### DATASET SECTION

+---+

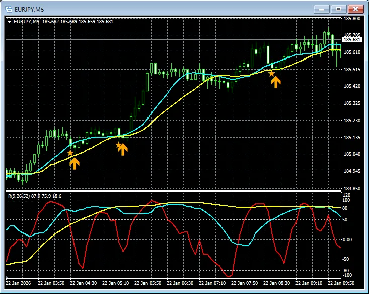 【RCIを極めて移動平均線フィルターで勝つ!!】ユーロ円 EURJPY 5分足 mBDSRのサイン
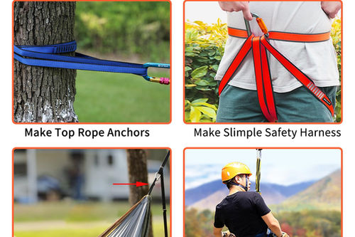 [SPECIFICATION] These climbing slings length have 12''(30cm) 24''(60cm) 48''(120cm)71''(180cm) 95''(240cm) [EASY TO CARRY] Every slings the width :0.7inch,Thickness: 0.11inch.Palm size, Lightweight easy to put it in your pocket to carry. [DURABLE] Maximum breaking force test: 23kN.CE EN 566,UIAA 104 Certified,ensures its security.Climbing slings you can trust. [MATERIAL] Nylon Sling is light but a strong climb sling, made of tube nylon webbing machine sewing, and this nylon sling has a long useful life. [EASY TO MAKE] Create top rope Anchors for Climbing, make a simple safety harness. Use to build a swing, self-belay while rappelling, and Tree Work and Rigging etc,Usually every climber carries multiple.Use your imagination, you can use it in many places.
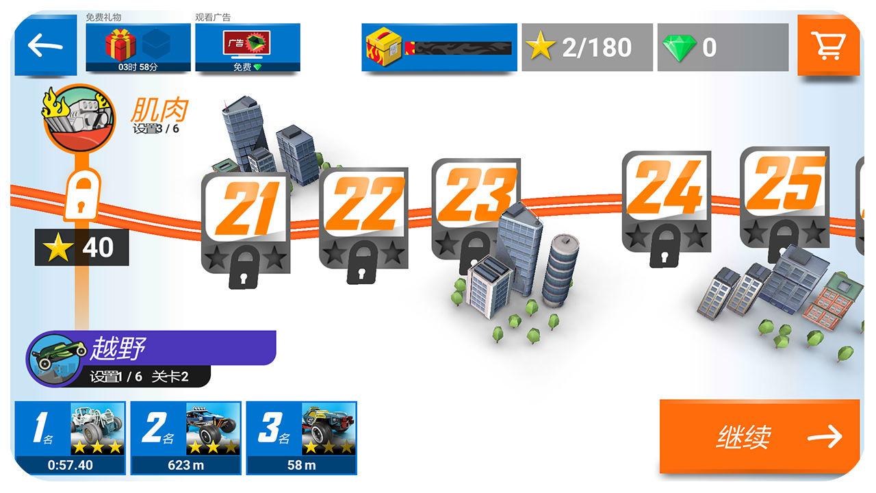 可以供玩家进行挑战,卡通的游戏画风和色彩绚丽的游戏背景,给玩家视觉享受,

+---+

Your task is to retype, exactly and only, the lines from the line holding "[SPECIFICATION] These climbing" through the final line of the data above, with both ends kept. Drop the pictures.

### RESULT OF THE EXERCISE
 [SPECIFICATION] These climbing slings length have 12''(30cm) 24''(60cm) 48''(120cm)71''(180cm) 95''(240cm) [EASY TO CARRY] Every slings the width :0.7inch,Thickness: 0.11inch.Palm size, Lightweight easy to put it in your pocket to carry. [DURABLE] Maximum breaking force test: 23kN.CE EN 566,UIAA 104 Certified,ensures its security.Climbing slings you can trust. [MATERIAL] Nylon Sling is light but a strong climb sling, made of tube nylon webbing machine sewing, and this nylon sling has a long useful life. [EASY TO MAKE] Create top rope Anchors for Climbing, make a simple safety harness. Use to build a swing, self-belay while rappelling, and Tree Work and Rigging etc,Usually every climber carries multiple.Use your imagination, you can use it in many places.
 可以供玩家进行挑战,卡通的游戏画风和色彩绚丽的游戏背景,给玩家视觉享受,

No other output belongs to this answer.